Be very careful if you plan to blast an email to the scraped email list. Consider using a cleansing service and emailing them individually instead of blasting them.

TODO

  1. key off arbitrary function and include key as an output

  2. business documentation for the whole workflow: index, wrangler, write-csv, their options, etc.

  3. if cache.json, etc, doesn't exist, write it. so we don't assume lib user created one.

  4. seperate scripts to:

    1. [scraper.js] scrape into cache.json
    2. [wrangler.js] post-process cache.json into wrangled.json
    3. includes mailgun functionality
    4. [write-csv.js] write wrangled.json into output.csv and ordered-output.csv
      1. use like node write-csv cache cache-2 --UniqueKey=sEmail
      2. debug like node --inspect-brk write-csv cache cache-2 --UniqueKey=sEmail
      3. takes json file and writes to csv with alphebetized columns
      4. --drop-key=/myregex/ will cause certain keys not to be written as rows. useful to skip things if you are caching things that aren't really observations, like a page of results.
      5. --bSpaceTitles will output column names like "Reported Age" instead of "ReportedAge"
    5. unwrite-csv.js
      1. use like node unwrite-csv my-csv-file-name --UniqueKey=sRespondentID
        1. or, node unwrite-csv "Survey on Alternative Credentials" --UniqueColumn="Respondent ID"
        2. eventually I may support multiple input csv, but currently just one
      2. debug like node --inspect-brk unwrite-csv "Survey on Alternative Credentials" --UniqueColumn="Respondent ID"
      3. takes csv file and produces a json file
      4. TODO: if no UniqueKey or UniqueColumn, use row number as unique ID.
    6. [merge.js] multiple csvs
      1. In theory, should be able to merge json or csv. in practice, it's csv merge rn.
      2. It's a sugar which invokes unwrite-csv then write-csv on a collection of csvs.
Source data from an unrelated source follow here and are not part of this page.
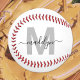 Create Your Own Custom White Softball Name Monogram Design. This design features a classic softball graphic set against a clean white background. A light grey initial is paired with your name in bold black script for a sporty and modern look. All colours (aside from the red stitching) can be customised to match your style. Makes a fun party favour, sports-themed birthday gift, team keepsake, or coach thank-you. A playful way to celebrate the softball fan in your life.
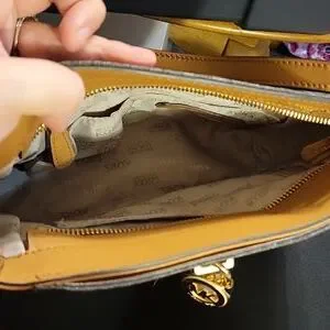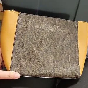 Tan and brown monogram style MK crossbody bag in used good condition, small mark on back of bag shown in pic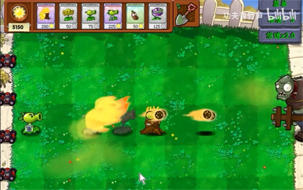 每有一个监工在豌豆射手左侧,豌豆射手会额外发射两颗豌豆。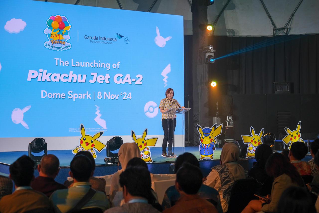 Jakarta, 9 November 2024 – Wakil Menteri Ekonomi Kreatif/Wakil Kepala Badan Ekonomi Kreatif (Wamenekraf/Wakabekraf) Irene Umar mengapresiasi kolaborasi PT Garuda Indonesia dan The Pokémon Company yang kembali menghadirkan desain thematic livery Pikachu Jet GA-2 yakni karakter Pikachu berkemeja batik yang diaplikasikan di dua sisi pesawat wide body Airbus A330-300 Garuda Indonesia.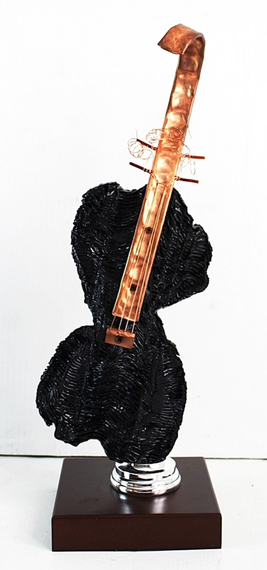 M'HORO' Italia XX sec. "Violino" Scultura in resina e manico in rame, cm 45x16x6. Esemplare T2/99. Autentica dell'Artista su foto.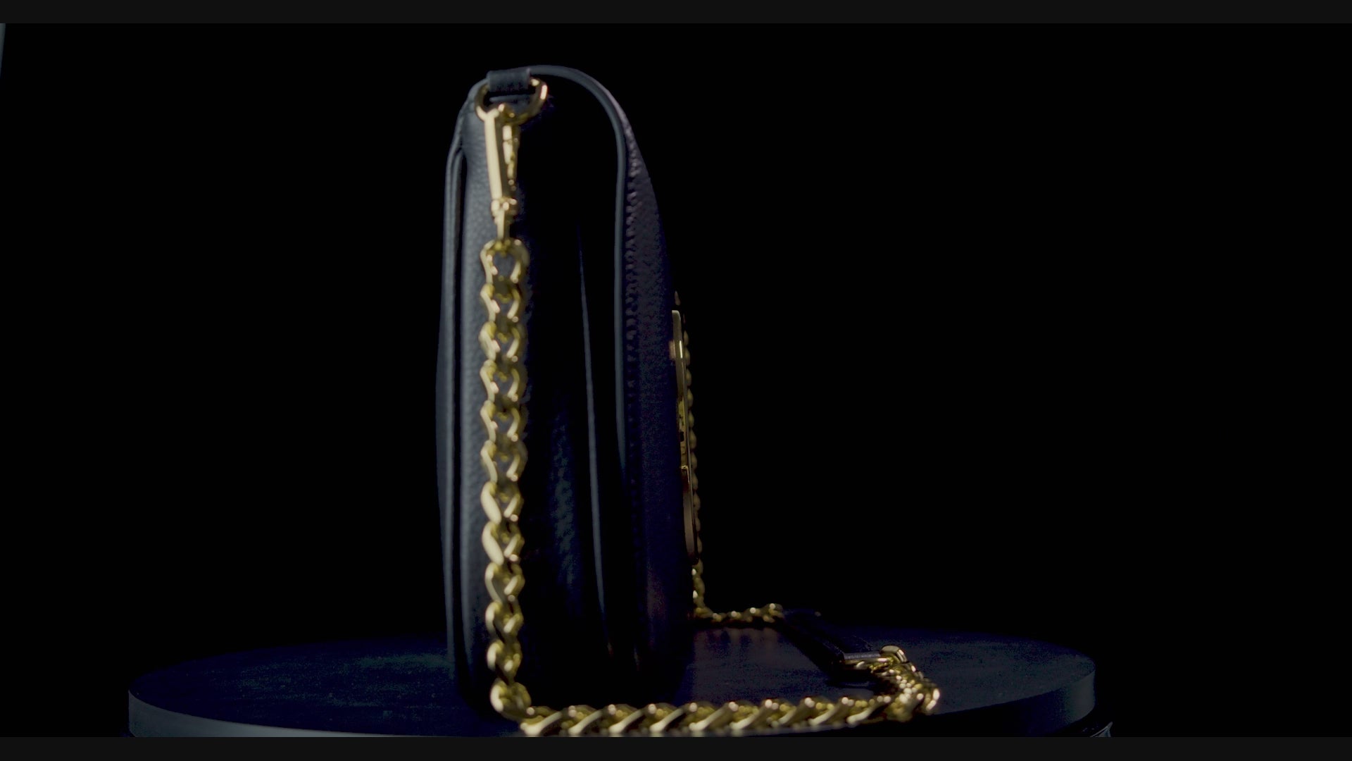 - Detachable yellow gold-toned chain with leather shoulder strap detail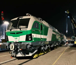 The locomotives traveled “on their own axles” from the Bavarian plant in Munich to the Seelandkai terminal, where they were prepared for sea transport to Hanko, Finland by Transfennica’s ferry service.

The result is a many-to-one csv merge.
      3. use as a cli tool like merge email csv1 csv2 csv3
      4. unwrite-csv takes csv and creates cache-like json file called unwrite-${n}.json by default, but also takes arbitrary name arg.
      5. Takes all 3 csvs and makes a row with first variable (eg email) as unique column name
      6. leftmost csv takes precedence in the case of unique key collision.
        1. default is when a collision happens to merge records; so john@abc.com from csv1 and csv2 gets merged with columns from both csv
        2. --drop-dup means john@abc.com from csv1 is included and duplicates are simply dropped from other spreadsheets
        3. --uniquify-dup means john@abc.com from csv1 is included and john@abc.com from csv2 becomes john@abc.com-csv2
        4. conflicting options take alphabetical precedence
      7. output has a superset of columns from any spreadsheet
  5. it would be nice if cache file were updated with every scrape instead of at the end. that way we could stop early if we want and crash salvage

  6. in principle we don't need seperate write-csv and unwrite-csv. both scripts follow a similar lifecycle so they could be a single generic. you could have mixed .csv and .json input and specify .json or .csv output.